Хозяин нехотя бросил пятиалтынный и произнес почти с гордостью:
— Ступай с Богом!
Старичок с покорностью принял милостыню и не тронулся с места.
— Чего ж тебе еще? — с нетерпением повторил пан.
— Да так, хочу присмотреться к тебе.
— Ко мне?
— Да… Ты не узнал меня, а я и родителей твоих, и тебя когда-то знал хорошо. О, Боже!.. До чего ты дожил! Как ты жалок!
— Я? Да ты кто такой? Что это значит? — с любопытством и гневом спросил хозяин.
— Я Осип Мнишевский… Помнишь, мы были соседями?
— Как? Ты Мнишевский?.. — Пан начал всматриваться в лицо нищего с удивлением, возраставшим с каждой минутой. — Мнишевский, в таком положении?
— Как видишь! Владел двумя деревнями, жил на широкую ногу, кутил… а теперь с палкой таскаюсь, прошу милостыни… А знаешь ли, Адам, теперь я чуть ли не счастливее, чем был когда-то, вот и ты, я думаю, при всем своем богатстве, беднее меня…
Пан Адам припомнил веселые пиры, богатство, роскошь, постоянное падение и наконец исчезновение целого рода Мнишевского, подал старику руку и довольный тем, что мог развлечь себя, ввел его в покои.
Мнишевский яркими красками изобразил всю пустоту жизни, проведенной в роскоши, и тот благодатный случай, который вынес его из страшной пропасти.
Разбитый, больной, пожираемый злобой и отвращением к жизни, лежал он в больнице, и тут-то семя исправления упало в душу из уст сестры милосердия, ухаживавшей за ним. Поднося к губам страдальца лекарство, она шептала молитву, вливала в грешную душу сладкие надежды и вела ее к спасению. Кроткое слово, дышащее чисто христианскою любовью, вносило в душу больного неведомое доселе спокойствие. Здесь впервые он узнал сладость и силу молитвы.
Мнишевский с пустыми руками, но с чистой совестью оставил больницу и пошел ко святым местам.
— И в то время, — продолжал он, — когда с палкой в руках и сумой за плечами очутился я среди большой дороги, — спокойствие, дотоле чуждое мне, посетило мою душу. Никогда я не был так счастлив! Думаешь, я завидую тебе или жалею о том, что бросил то, что не имеет никакой цели и ведет к погибели? Нет! Нет! Я забрел в эту сторону, чтобы навестить гробы отцов, помолиться над ними, а потом снова отправлюсь и буду спокоен, счастлив.
Так говорил Мнишевский, и каждое слово его глубоко запечатлевалось в мозгу и сердце Адама. Никогда еще пан не слышал ничего подобного.
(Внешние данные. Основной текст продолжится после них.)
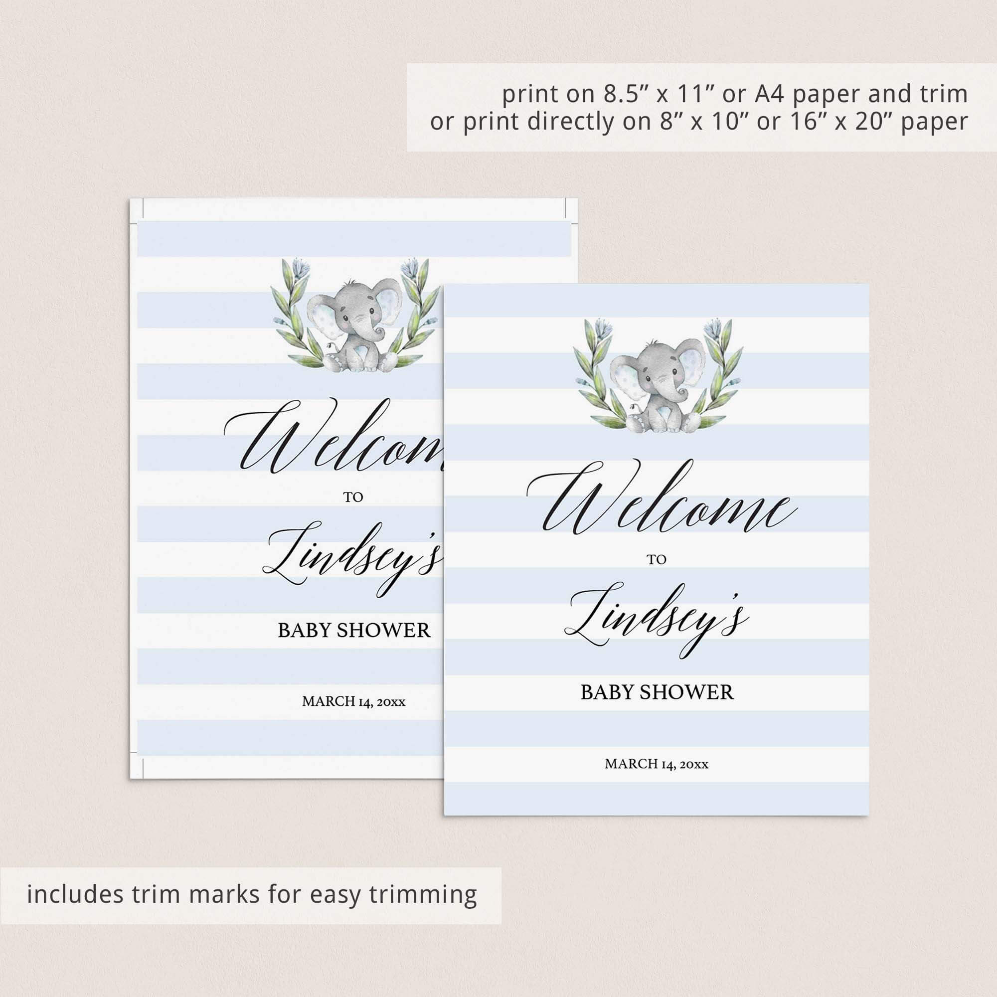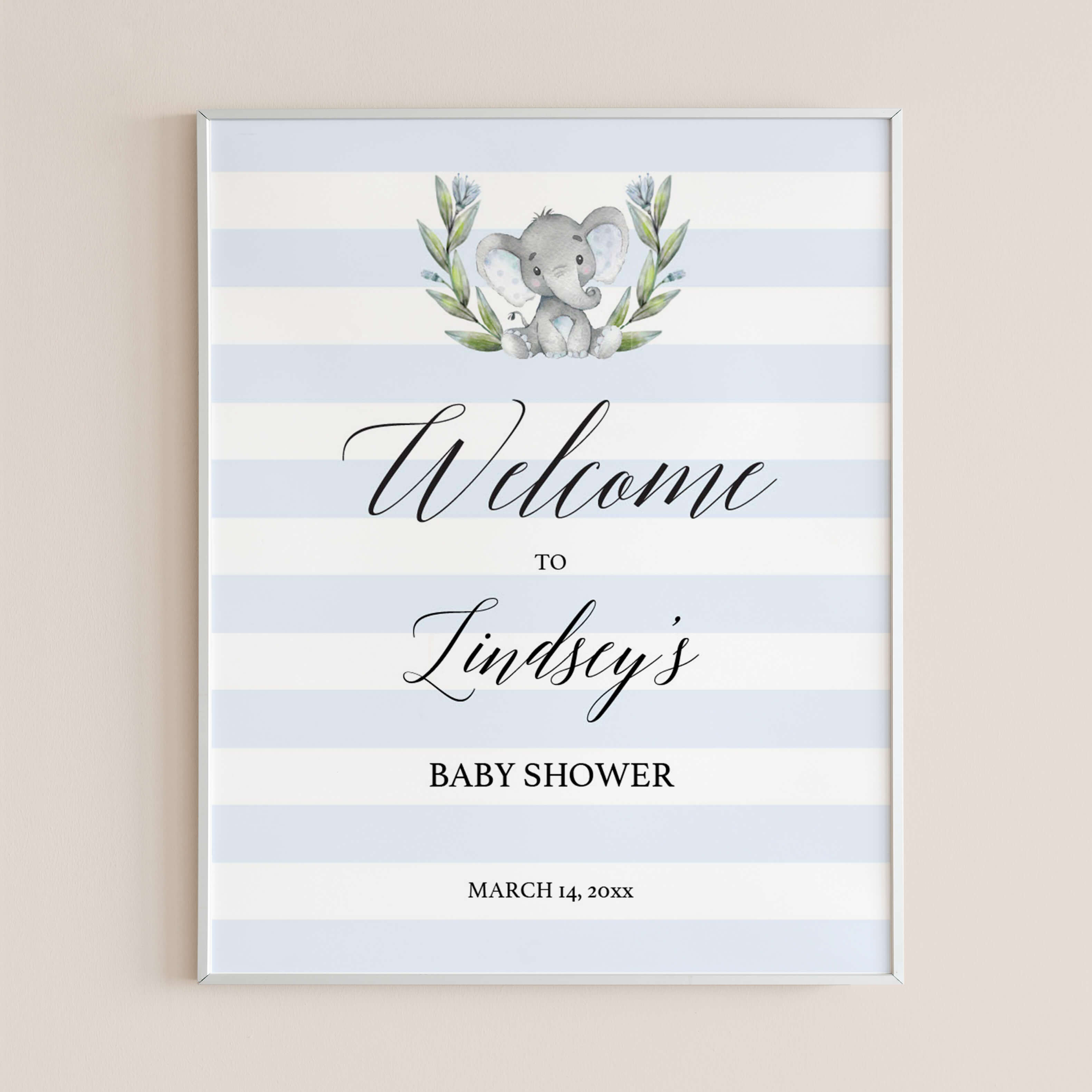 Welcome your baby shower guests to your elephant themed party with this adorable welcome sign with blue and white stripes!

Когда-нибудь он должен был перемениться, лишние годы жизни не для чего иного, как для исправления даны были ему.
И задумался пан Адам над своей глупо растраченной жизнью. Голос совести впервые раздался в его сердце, он требовал перерождения. Нравственный переворот не мог совершиться правильно, тихо. Природа Адама привыкла к бурным чувствованиям и жаждала потрясении. Он вдруг круто повернул в сторону и очутился на пути, совершенно противоположном первому.
Через год никто не узнавал Адама, к несчастью, исправление его не было совершенно: он перешел на другую дорогу и сделался аскетом, фанатиком.
Бросив все занятия, он по неделям ничего не ел, носил власяницу и вериги, бичевал себя: в этом он видел нравственную реформу.
Но, надевая власяницу, он не изгнал из своего сердца гордости и эгоизма, в нем не было ни христианского смирения, ни любви к ближнему, по-прежнему оставался он неприступным, не знал снисходительности, так же строго осуждал других, как и себя, требовал от человека подвигов, превышающих силы, — и заслужил название ханжи и изувера.
А тут на беду в сердце закралась скупость. Как могла совместиться эта страсть с фанатизмом — решить не берусь, но Адам умел удовлетворять их. Барский двор, свидетель многих бурных, бешеных сцен, превратился в печальную темницу.
Очевидно, Маруся не могла рассчитывать на милость такого пана, тем более, что никто не осмеливался напомнить ему о сироте. Принимая участие в девушке, управляющий долго качал головой и кончил тем, что утвердил за нею участок, подаренный когда-то ее отцу.
XXXVIII
В одно воскресное утро, сидя над могилой матери, Маруся услышала голоса колоколов, сзывавших народ христианский к обедне.
— Пойду и я, — сказала Маруся. — Нужно немного приодеться.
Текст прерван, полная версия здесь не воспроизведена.